A subtle, textured work from the punkier Indigo Girl

  • We Say...

    Social activist, environmental crusader, gold-certified folkie, celesbian: by any standard except her own, Amy Ray is good enough. “Why can’t I just deliver?” she sings in “Stand and Deliver,” measuring herself against an idealized lover and coming up short. In “Birds of a Feather,” she locates the fault lines not just in the gay community, but the human one: “If we are birds of a feather/ Why can’t we fly in formation?” she asks against a slow, spooked Crazy Horse riff. Ray’s incessant striving and willingness to question herself push Didn’t It Feel Kinder leagues beyond the side-project stature of her first two solo albums.

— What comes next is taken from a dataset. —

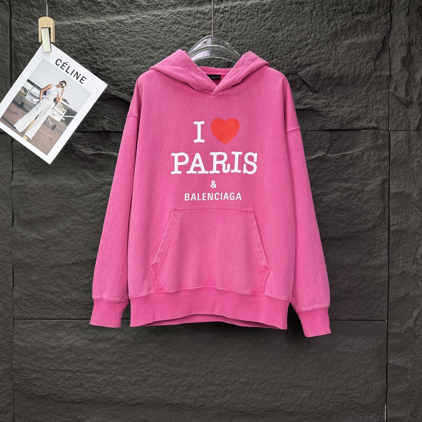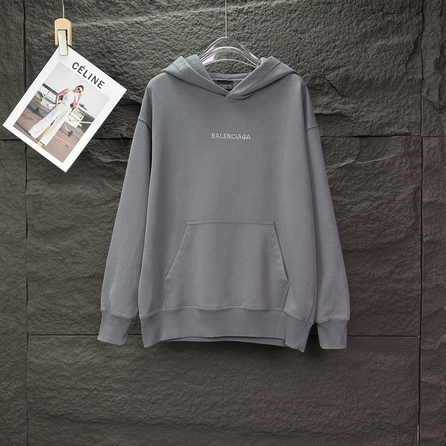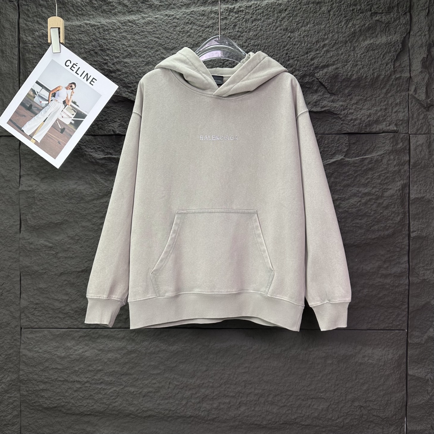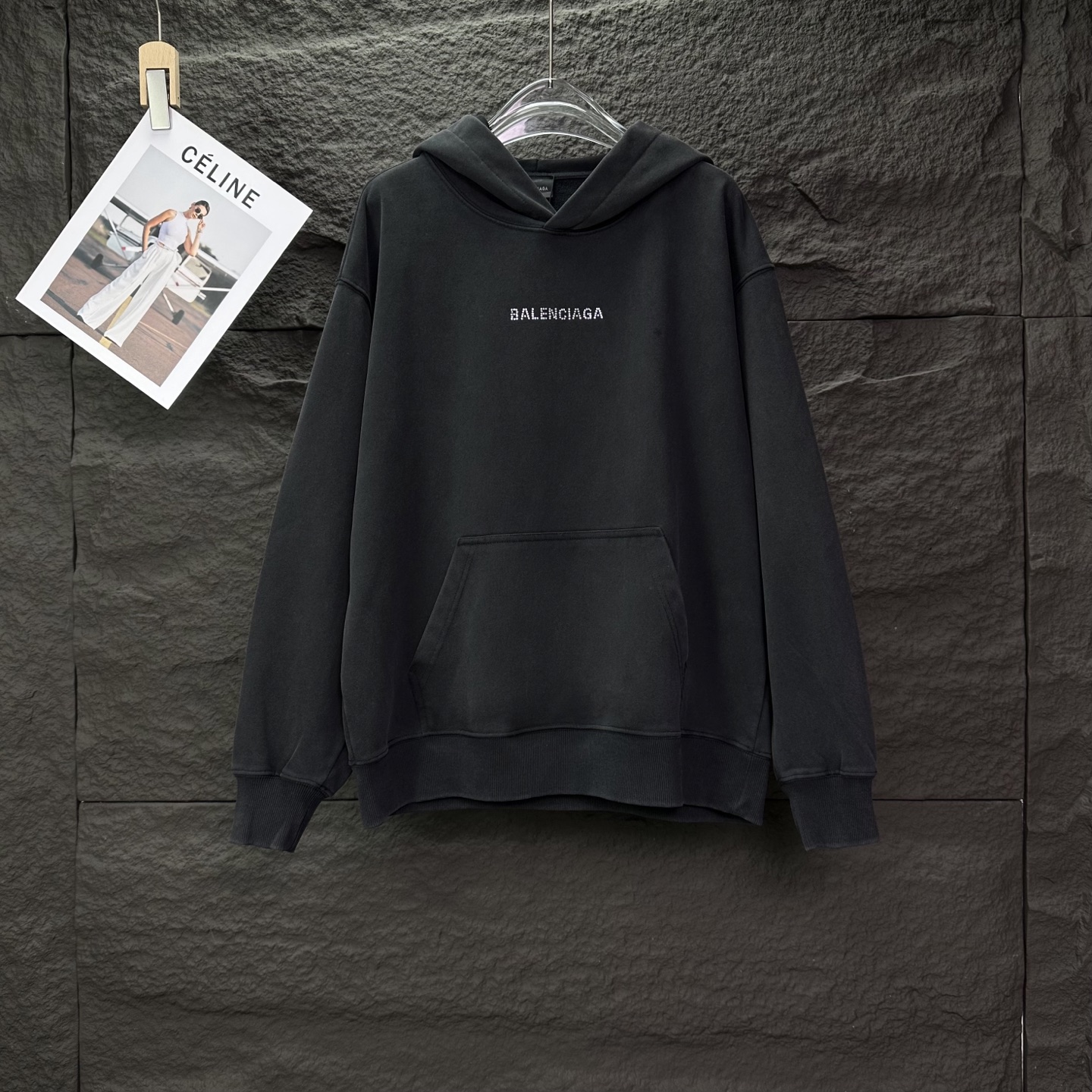 巴黎世家2025新款烫钻字母洗水做旧情侣款连帽卫衣

    Whereas Stag and Prom functioned as high-caliber venting — with Indigo Girls humming along at a polite, predictable clip, she’d occasionally lock herself in the garage and kick out the jams — Didn’t It Feel Kinder matches the Girls’ best work in songwriting craft and ambition. Tempos shift, melodies coil and unravel, subtle arrangement textures like cello and soul horns soften the rough guitars; producer Greg Griffith (the Butchies) strips “Birds of a Feather” just to bass and voice, then builds it to an astonishing crescendo. Ray tells the story beneath the story: the tangle of unhappy forces motivating the Virginia Tech shooter in “Who Sold the Gun,” the numbed complacency of a factory farm worker in “Out on the Farm.” She’s not above having a good time — in “Cold Shoulder” she’s calling a closeted babe’s bluff — but the more doubt she feels, the better she and her songs get.

  • They Say...

    On her third solo album, Amy Ray's moved a bit closer to a mainstream indie rock sound, but the music's lost none of its bite and her lyrics remain full of insightful details. She continues to examine the conflicts of growing up in a small town, of being out in straight society and fighting the good fight against overwhelming odds. The ten tracks have echoes of every style form the '50s to the '80s, a broad musical spectrum held together by the heart and soul Ray brings to everything she sings. "Cold Shoulder" is a new wavey dance track that talks about forbidden love, and the common struggle that ties youthful misfits together. "She may be straight tonight but last night she let me hold her," she sings ruefully. The sprightly music contrasts neatly with lyrics that convey the frustration of coming out in a small town. "Birds of a Feather" is a moving ballad wherein a young lesbian commiserates with a closeted friend, suggesting that they migrate to a place where they can be themselves. The slow tempo, distorted guitar accents, and Ray's distressed vocal give the tune an unbearable tension. "Who Sold the Gun" borrows Beach Boys harmonies and a '60s backbeat for a protest song that connects the dots between Iraq, video games, and teen streetcorner violence. Ray channels her inner Joe Strummer for the uplifting "SLC Radio." The tune salutes the underground community of Salt Lake City, a town with a surprisingly active gay and alternative community. It ends with an anthemic chant: "I want to shake these chains off, what have I got to lose?" There's a late-night R&B-meets-country feel to "Lady Luck," a quiet rumination on the struggle between love and fear that we all go through when a relationship gets difficult. Ray's vocal is full of grief and longing as she pleads for reconciliation. "She's Got to Be" is a moody, Motown flavored tune, a passionate midtempo love song perfect for slow dancing. All the tunes here are delivered in short, sharp two- and three-minute bursts, emotional poppers that'll snap your eyes open and have you pressing replay the minute the album's over.